The story begins with China's strategic moves to gain more control over pricing. First, in September 2025, Beijing launched its own yuan-denominated iron ore index, called COREX. This created a direct alternative to the dollar-based Platts. Second, China consolidated its purchasing power through a single state-controlled entity, CMRG, giving it immense leverage in negotiations.
This leverage was put to the test in October 2025. When talks with BHP stalled, CMRG reportedly instructed Chinese mills to stop buying BHP's iron ore. This pressure tactic demonstrated China's seriousness and significantly weakened BHP's negotiating position. The situation was further compounded when competitors Rio Tinto and Fortescue agreed in early 2026 to stop using the Platts index for their Chinese sales at CMRG's request.

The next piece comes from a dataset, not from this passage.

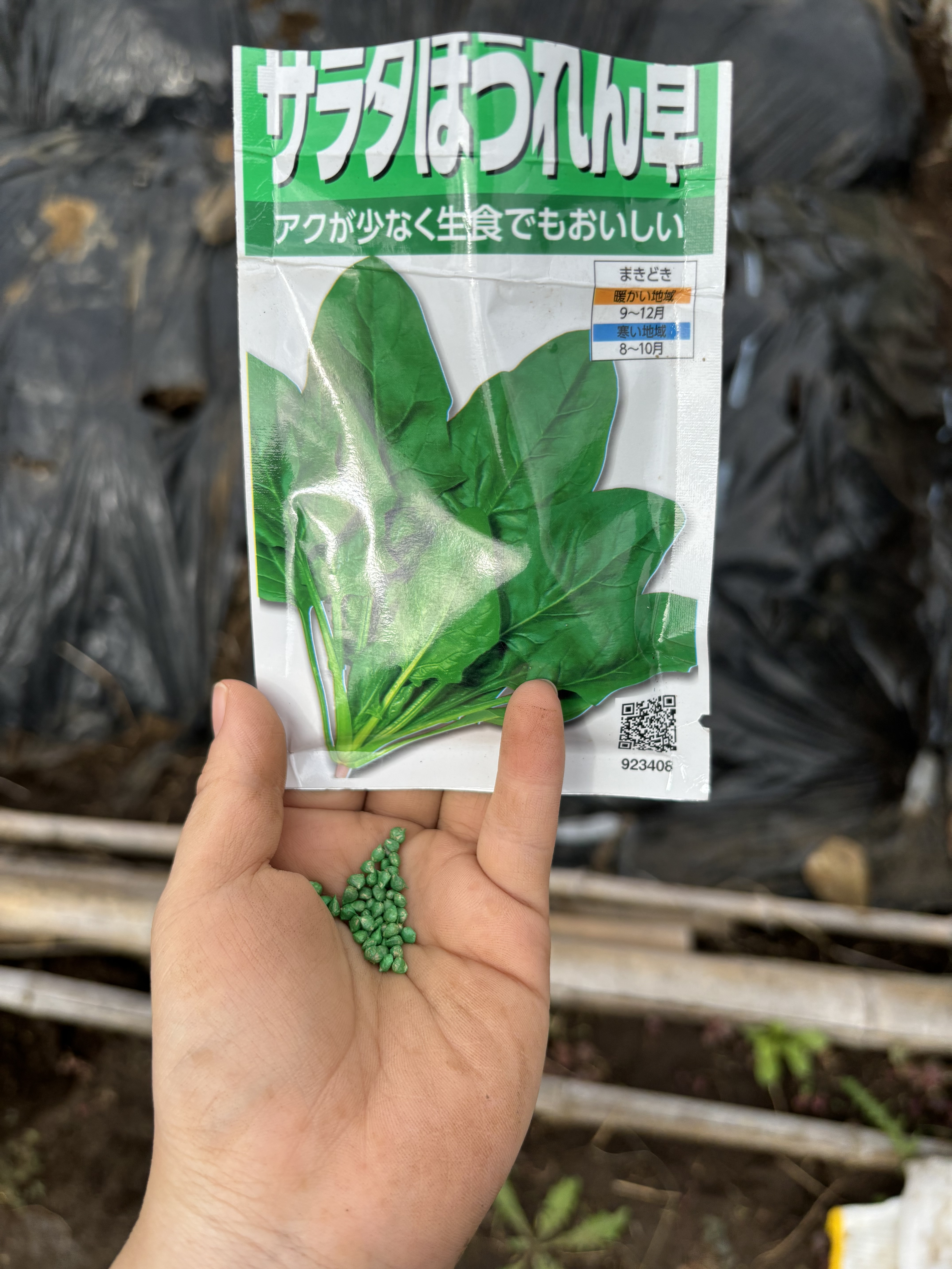 今日1番驚いたのは種のこと。なんとにんじんとほうれん草の種がカラフルである!にんじんの種は青くキラキラと光っているし、ほうれん草の種は鮮やかな緑色だ。ムムム・・・。どう考えても人工的である。表示をよく見ると、「チウラム/キャプタン各1回処理済み」と書いてある。アメリカからやってきたその種にはおそらく何かが施されている。怖くて調べられないが、これが噂の消毒ってやつか!あまりに土に馴染まないそのカラーを”個性”と呼ぶには少し抵抗がある。発芽するのかが一番の関心だ。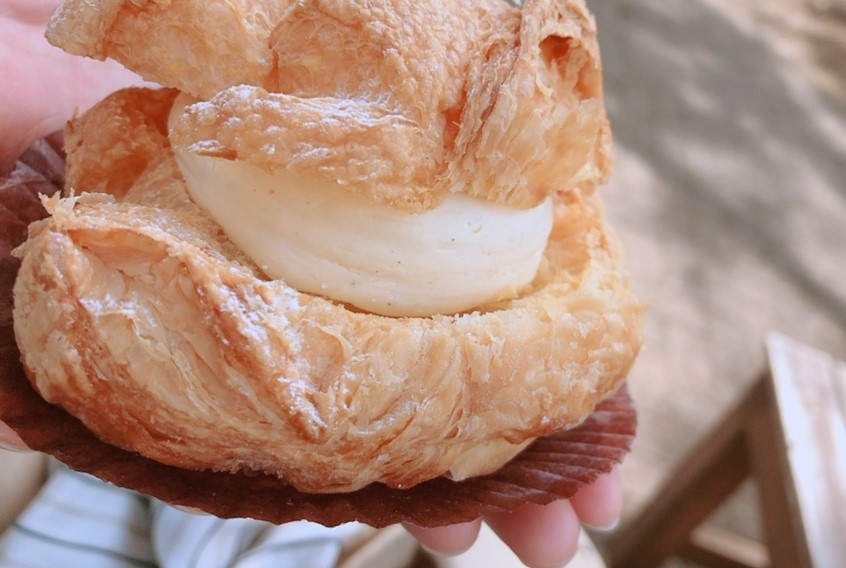 軽いバウムクーヘンのに濃厚なベイクドチーズケーキがセットになったチーズインバウムは甘さ控えめでレモンの香りが心地よい。- 旅行時期

Faced with these pressures, BHP ultimately agreed to new terms. The reported deal involves using the new Beijing-based yuan index for pricing and granting a 1.8% discount on certain volumes. While the direct financial impact on BHP seems manageable—estimated at a revenue reduction of $130 to $360 million annually—the strategic implications are far more significant. This agreement formalizes a structural rebalancing of power, solidifying China's influence over a critical global commodity and accelerating the 'RMB-ization' of international trade.
Glossary
- Platts Index: A benchmark price assessment for commodities, including iron ore, published by S&P Global. It has traditionally been the standard for pricing in the seaborne market, denominated in U.S. dollars.
- CMRG (China Mineral Resources Group): A state-owned Chinese company established to centralize the country's iron ore purchasing, increasing its bargaining power with global mining companies.
- Basis Risk: A financial risk that arises when a hedge does not move in perfect correlation with the underlying asset. In this case, miners might hedge using Platts-linked financial products while their physical sales are priced against a different (COREX) index, creating a potential mismatch.